The Dividend Policy and the annual dividend proposal containing the details stipulated in the Capital Markets Board Corporate Governance Principles are provided in the annual report and presented to the shareholders during the General Assembly Meeting. Furthermore, detailed information on the dividend history and capital increases are posted on our Company website.
Our Company conducts a Dividend Policy within the framework of the provisions of the Turkish Commercial Code, Capital Markets Legislation, Tax Regulations and other relevant legislation as well as the provisions of our Articles of Association governing the distribution of profits.
In determining the distribution of profit, the long-term strategy of our Group, the capital requirements of our Company, our affiliates and subsidiaries, our investment and financing policies, profitability and cash position are taken into consideration.
In principle, 20% of the “distributable profit for the period”, calculated within the framework of the Capital Markets Legislation and other relevant legislation, based on the net profit for the period as shown on the financial statements prepared as per the Capital Markets Legislation and subjected to independent audit, is distributed in the form of cash or stock.
If the distributable profit calculated as above is less than 5% of the issued capital, there will be no distribution of dividend.
As per the decision taken at the General Assembly Meeting, dividends can be paid out entirely in the form of cash or stock, or partly in cash and partly as stock.
If in the form of cash, the dividend distribution is completed until the end of the fifth month following the end of the respective fiscal period, at the latest. If in the form of stock, the distribution is completed until the end of sixth month, at the latest.
In accordance with the Dividend Policy, dividends are allocated equally to all existing shares as of the respective fiscal period.
Pursuant to Article 32 of our Articles of Association, no less than 1%(*) and no more than 2% of the amount remaining from the pre-tax earnings after the allocation of the first series of legal reserve fund, financial obligations, and first level dividend to shareholders withheld as per the Capital Markets Legislation, is allocated to Koç Holding Pension and Assistance Foundation. Additionally, without prejudice to the first level dividend established under the Capital Markets Legislation, 3% of the amount remaining after the deduction of first series of legal reserve fund, financial obligations and 5% of the paid-in capital from the pre-tax earnings, is allocated to holders of dividend-right certificates.

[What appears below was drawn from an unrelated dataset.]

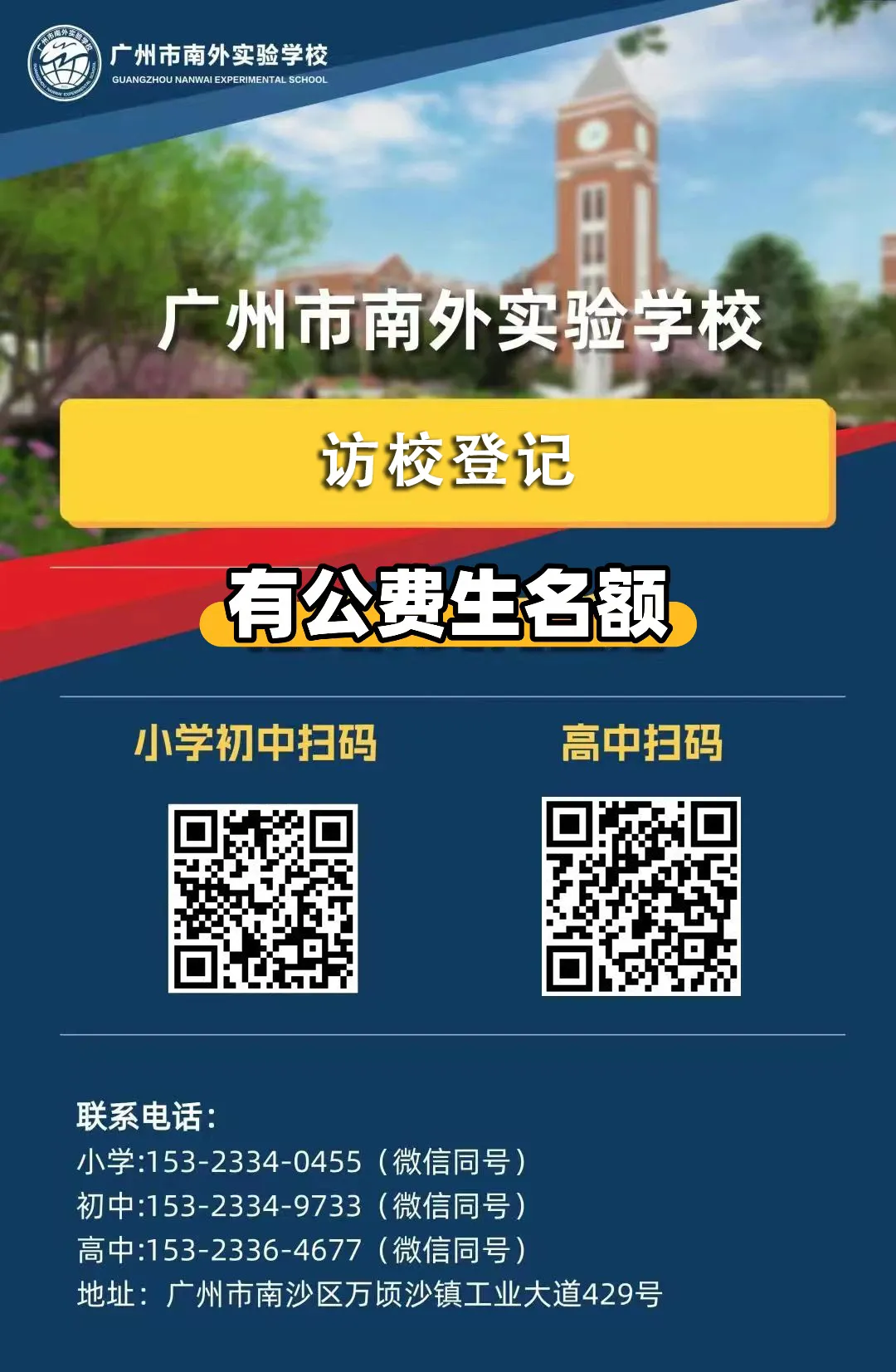 温馨提醒:2025年秋季招生工作已收官,2026年春秋季招生咨询已开启,目前招办每天开放小初高和各年级插班生升学咨询,海报上有电话,也可扫码登记探校,探校时间非常灵活:可以周中、可以周末,可以专场,时间可以自由选择。

However the amount that will be paid to holders of dividend-right certificates cannot exceed 1/10 of the amount remaining from the net profit after the deduction the first series of legal reserve fund and first level dividend to shareholders established under the Capital Markets Legislation.
(*) An amendment to the Articles of Association regarding the removal of the 1% minimum limit will be proposed to the shareholders at the Ordinary General Assembly Meeting that will be held on 21 April 2010.